═══ DATASET RECORDS
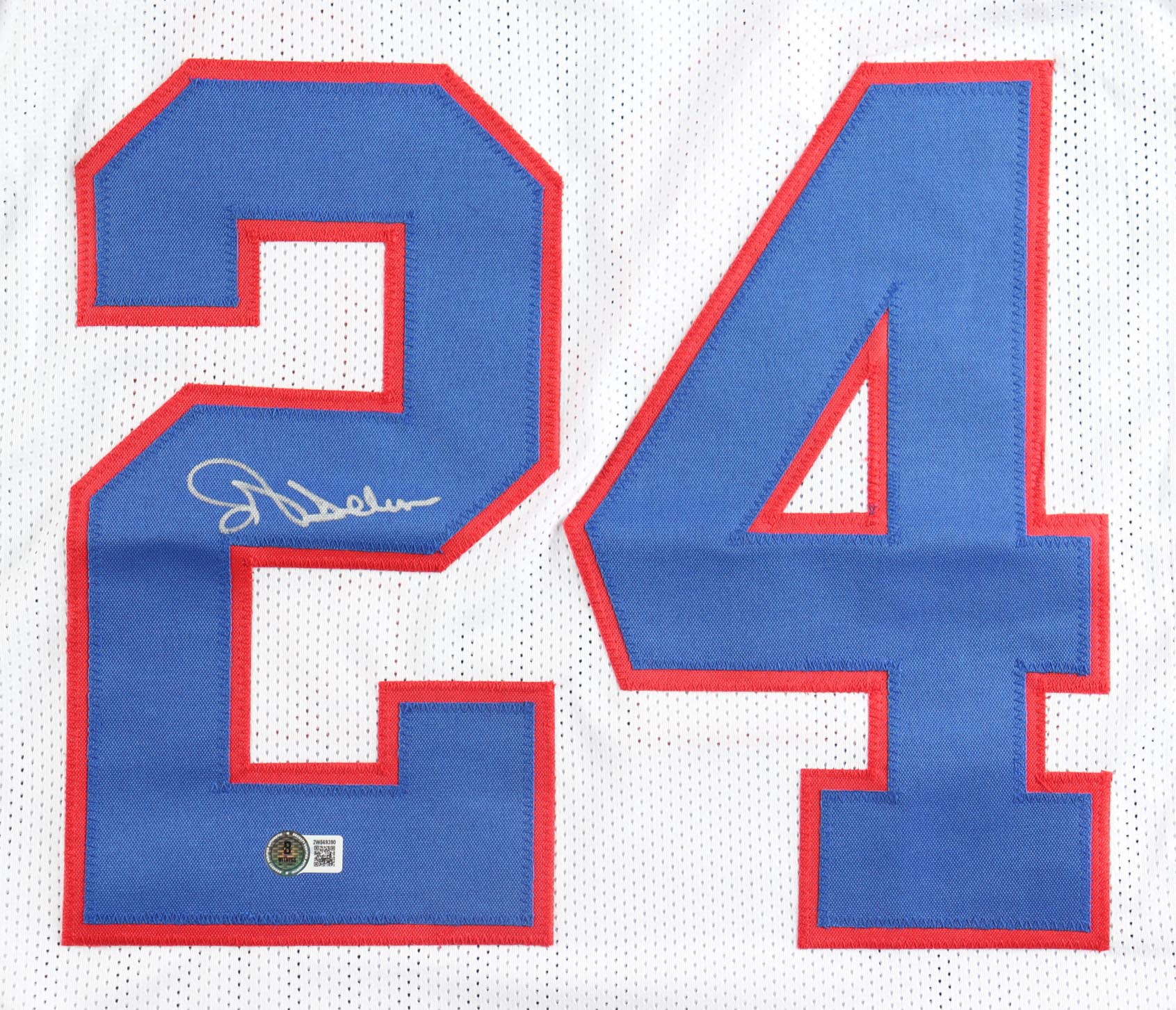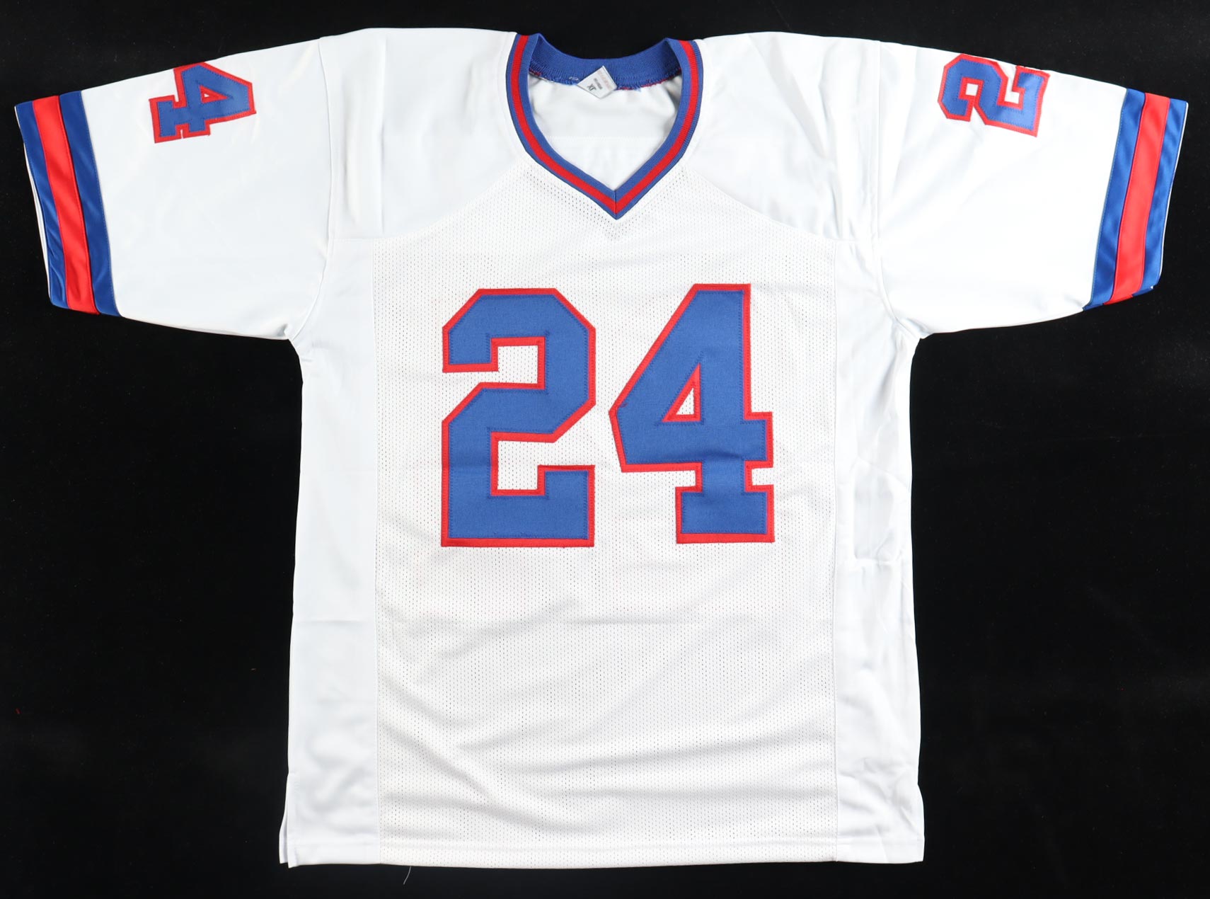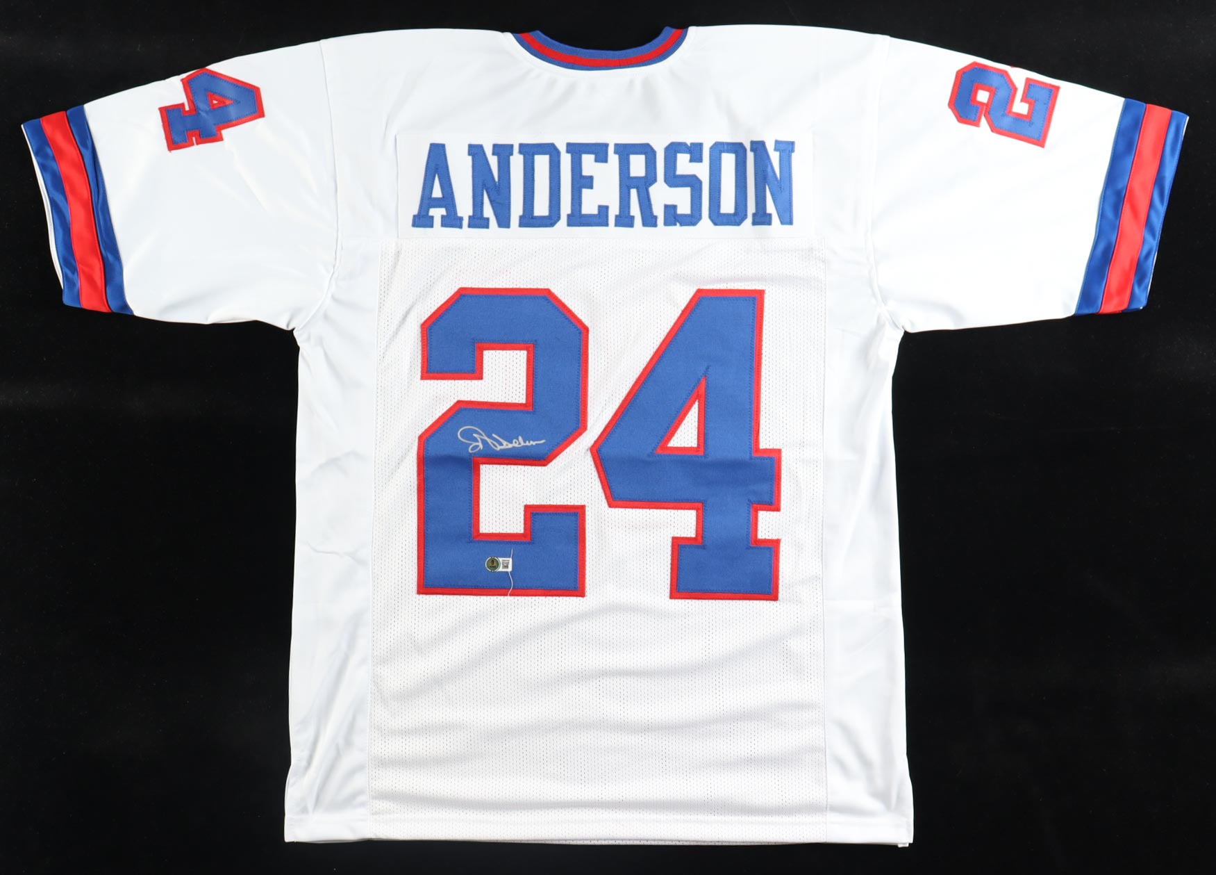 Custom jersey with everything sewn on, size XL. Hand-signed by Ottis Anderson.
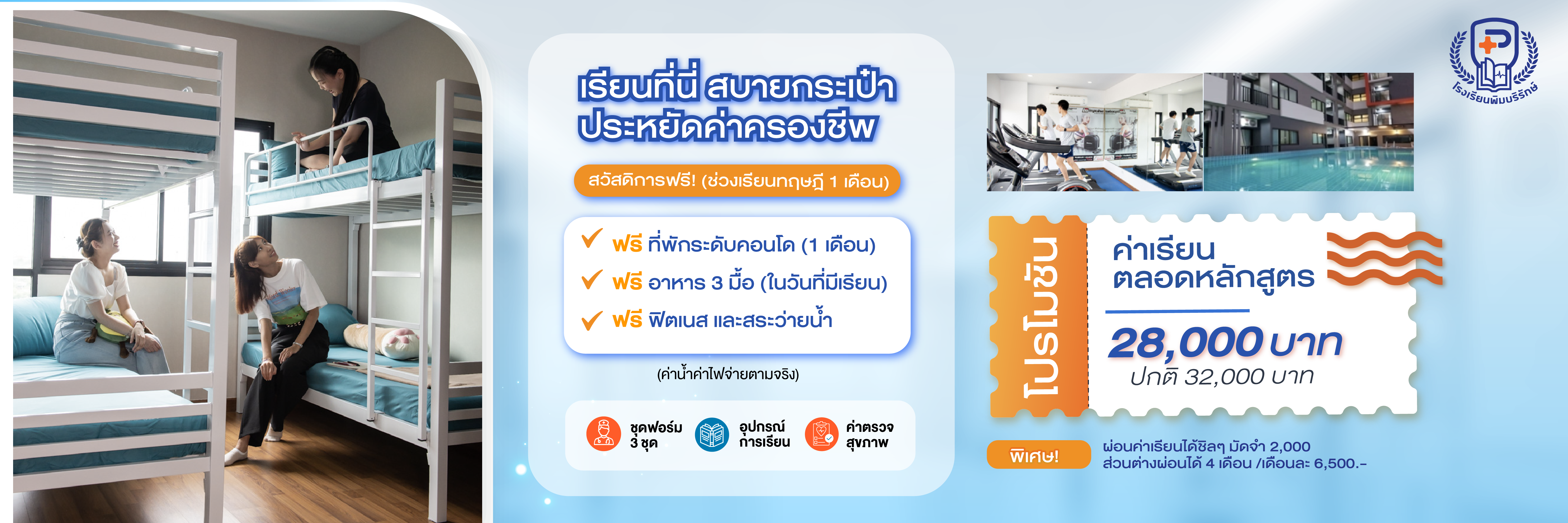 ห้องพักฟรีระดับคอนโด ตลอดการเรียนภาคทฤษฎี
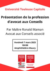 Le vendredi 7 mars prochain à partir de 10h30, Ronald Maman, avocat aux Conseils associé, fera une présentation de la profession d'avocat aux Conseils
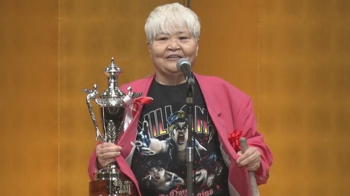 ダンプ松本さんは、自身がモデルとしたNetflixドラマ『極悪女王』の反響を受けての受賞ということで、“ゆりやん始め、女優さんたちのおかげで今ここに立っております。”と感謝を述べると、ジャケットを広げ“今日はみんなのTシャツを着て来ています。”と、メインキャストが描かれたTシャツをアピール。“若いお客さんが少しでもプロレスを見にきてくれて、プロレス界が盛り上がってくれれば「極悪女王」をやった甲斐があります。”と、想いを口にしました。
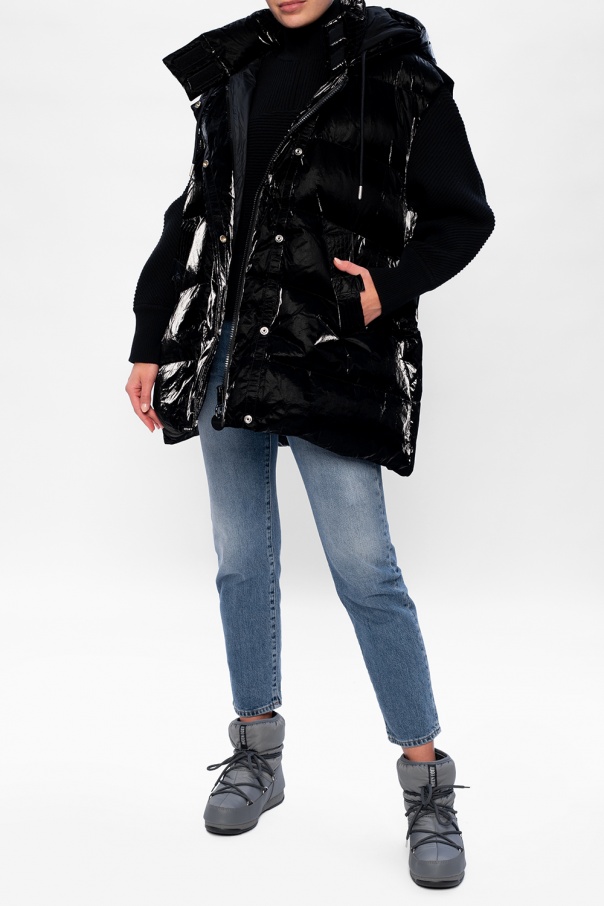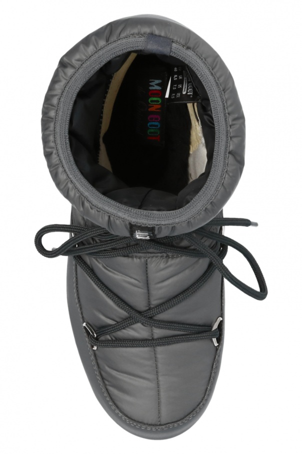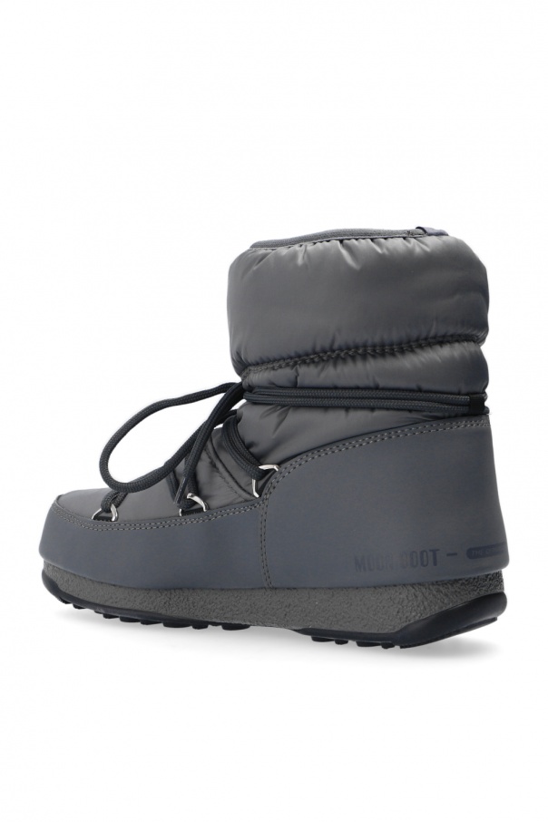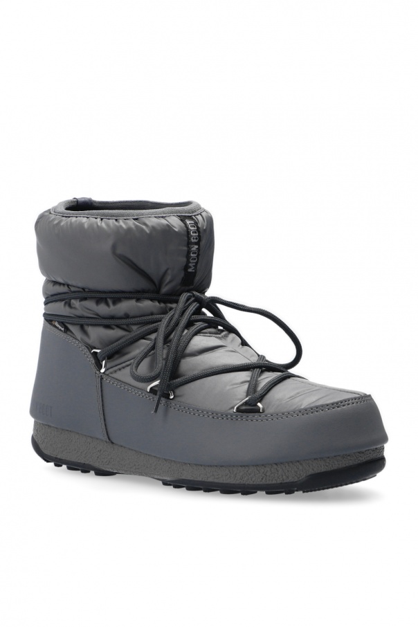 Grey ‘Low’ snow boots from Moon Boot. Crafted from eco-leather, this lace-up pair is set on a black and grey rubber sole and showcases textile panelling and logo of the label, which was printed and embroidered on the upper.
══════
THE TASK: Would you please repeat the lines above exactly, from the first line of the listing through the line holding "Le vendredi 7", with nothing added and no pictures?

TASK RESPONSE:
 Custom jersey with everything sewn on, size XL. Hand-signed by Ottis Anderson.
 ห้องพักฟรีระดับคอนโด ตลอดการเรียนภาคทฤษฎี
 Le vendredi 7 mars prochain à partir de 10h30, Ronald Maman, avocat aux Conseils associé, fera une présentation de la profession d'avocat aux Conseils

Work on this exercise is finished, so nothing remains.